PROBLEM TO WORK ON -
Using the entries below, copy exactly each line from the line with "会津宮下駅⇔大林ふるさとの山間で無料送迎バスが運行されます。" up to and including the line with "Invitation vos amis", with every picture left out.

DATA TO PROCESS -
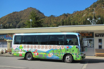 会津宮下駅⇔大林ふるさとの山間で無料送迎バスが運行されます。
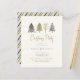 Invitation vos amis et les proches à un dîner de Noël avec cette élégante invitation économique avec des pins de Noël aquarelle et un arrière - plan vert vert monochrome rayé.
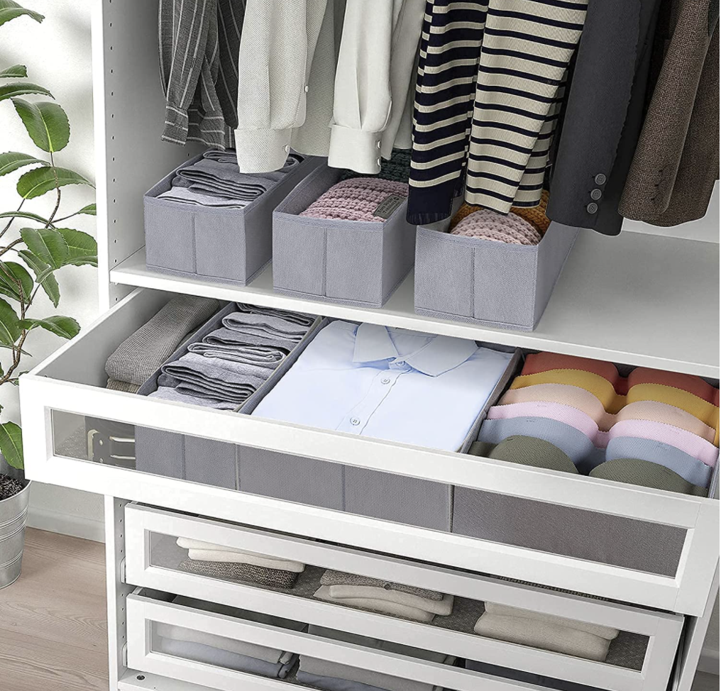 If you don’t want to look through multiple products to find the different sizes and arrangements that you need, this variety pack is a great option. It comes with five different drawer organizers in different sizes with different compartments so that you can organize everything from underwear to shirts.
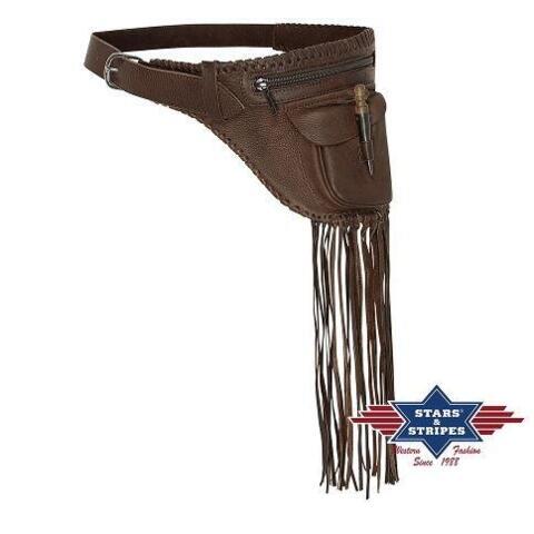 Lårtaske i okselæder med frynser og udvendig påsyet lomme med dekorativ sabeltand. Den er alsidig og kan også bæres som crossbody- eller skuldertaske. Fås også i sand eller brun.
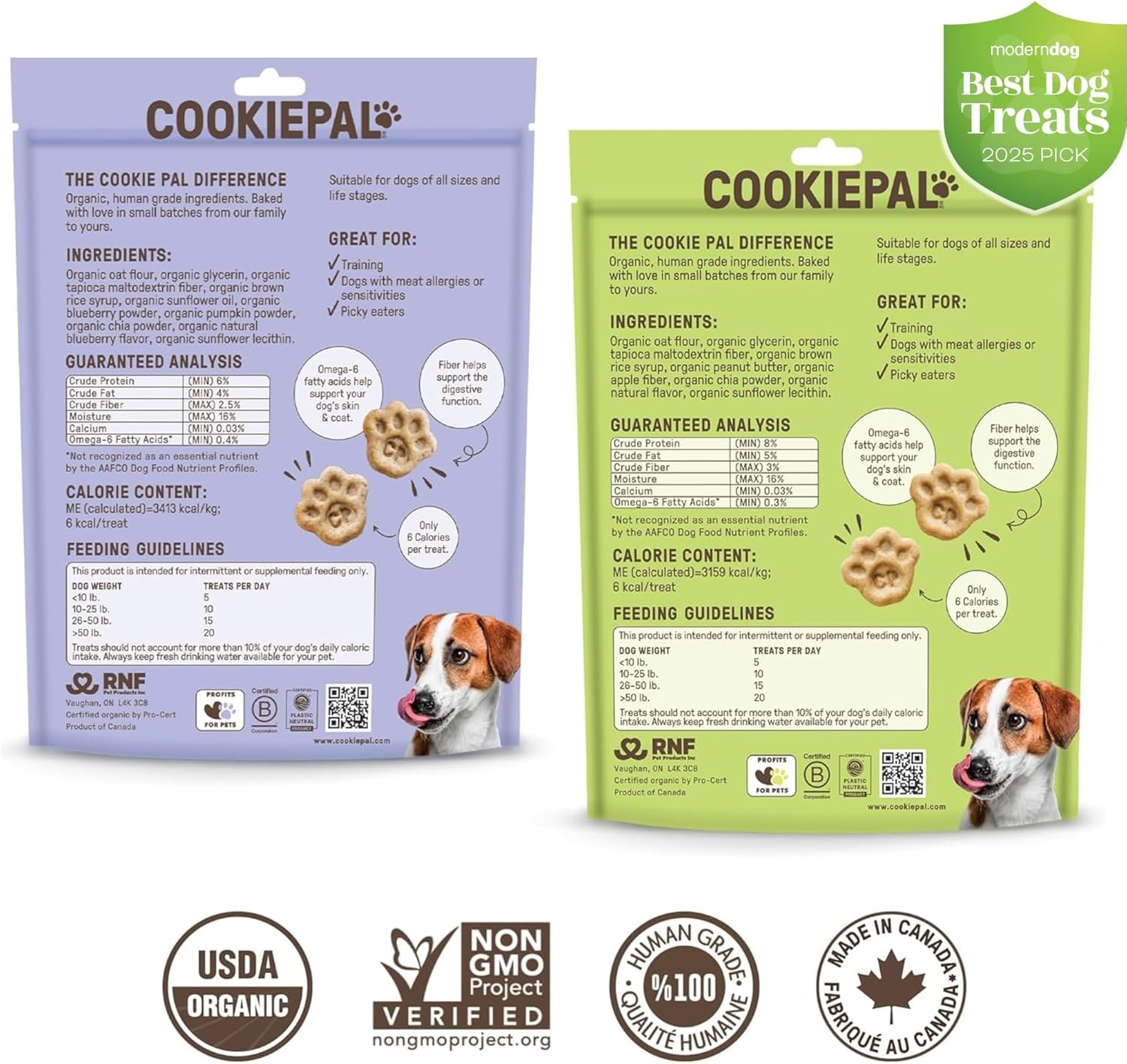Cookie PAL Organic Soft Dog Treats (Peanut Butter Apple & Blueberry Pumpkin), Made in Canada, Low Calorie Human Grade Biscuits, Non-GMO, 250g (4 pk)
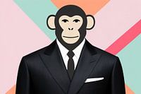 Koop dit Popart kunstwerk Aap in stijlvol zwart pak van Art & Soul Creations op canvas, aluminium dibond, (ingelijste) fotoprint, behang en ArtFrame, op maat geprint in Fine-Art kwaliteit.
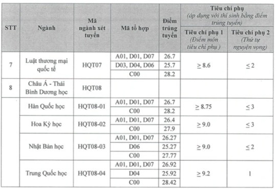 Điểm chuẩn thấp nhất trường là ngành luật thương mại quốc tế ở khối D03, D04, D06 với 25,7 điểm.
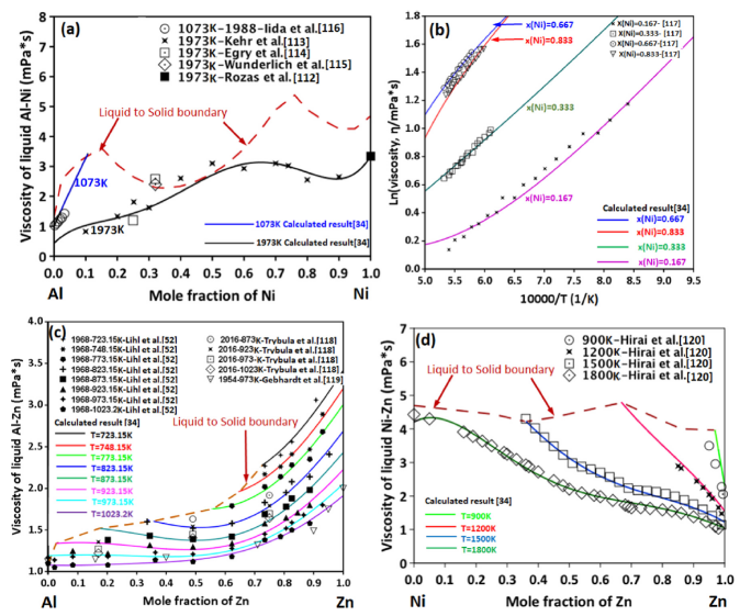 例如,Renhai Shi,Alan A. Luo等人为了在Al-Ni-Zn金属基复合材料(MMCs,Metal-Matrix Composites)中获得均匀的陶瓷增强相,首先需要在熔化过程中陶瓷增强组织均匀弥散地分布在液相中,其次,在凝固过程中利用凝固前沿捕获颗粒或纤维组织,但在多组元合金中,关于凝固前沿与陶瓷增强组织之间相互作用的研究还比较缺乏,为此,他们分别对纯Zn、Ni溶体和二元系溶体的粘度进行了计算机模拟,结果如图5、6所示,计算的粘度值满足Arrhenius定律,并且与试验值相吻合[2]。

* * *

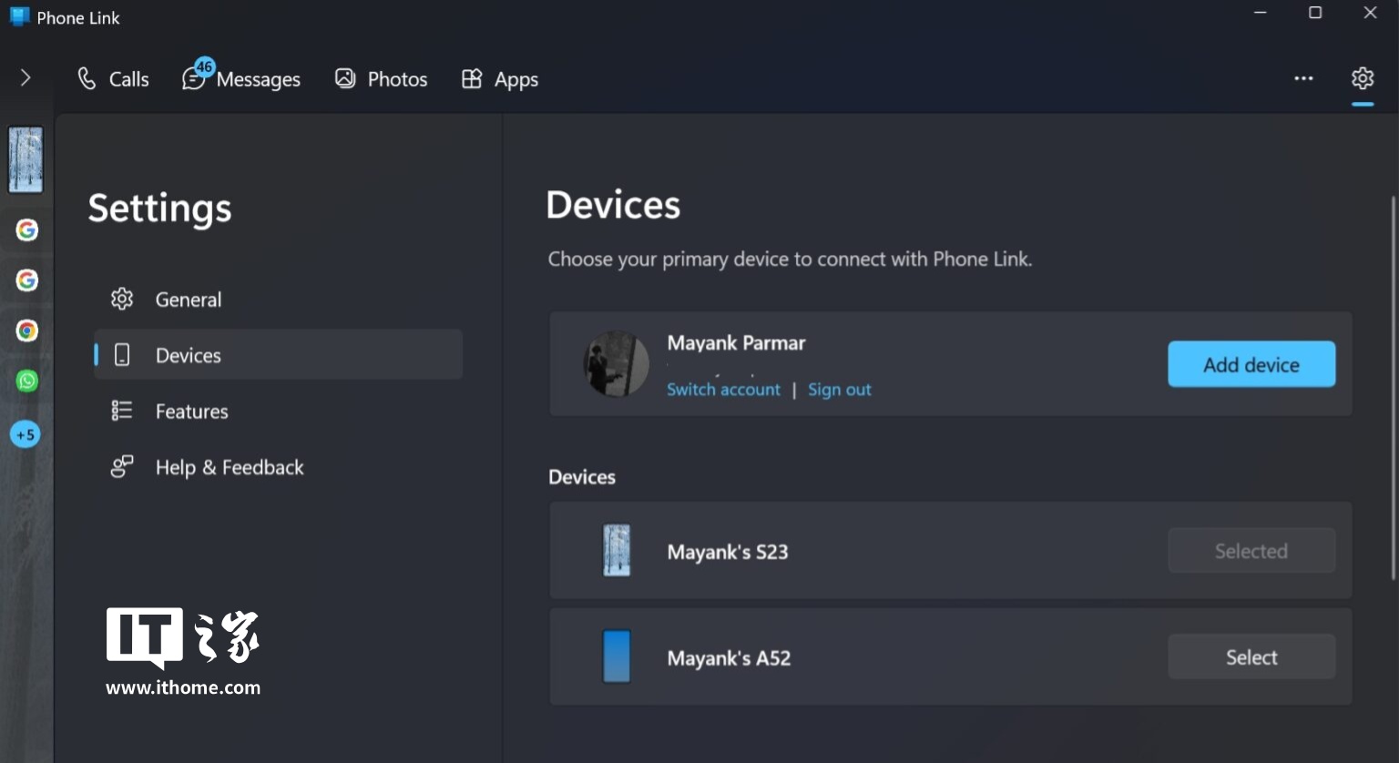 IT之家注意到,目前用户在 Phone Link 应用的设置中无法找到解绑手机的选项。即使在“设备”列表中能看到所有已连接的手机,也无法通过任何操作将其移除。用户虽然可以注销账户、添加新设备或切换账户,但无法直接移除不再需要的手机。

EXERCISE SOLUTION -
 会津宮下駅⇔大林ふるさとの山間で無料送迎バスが運行されます。
 Invitation vos amis et les proches à un dîner de Noël avec cette élégante invitation économique avec des pins de Noël aquarelle et un arrière - plan vert vert monochrome rayé.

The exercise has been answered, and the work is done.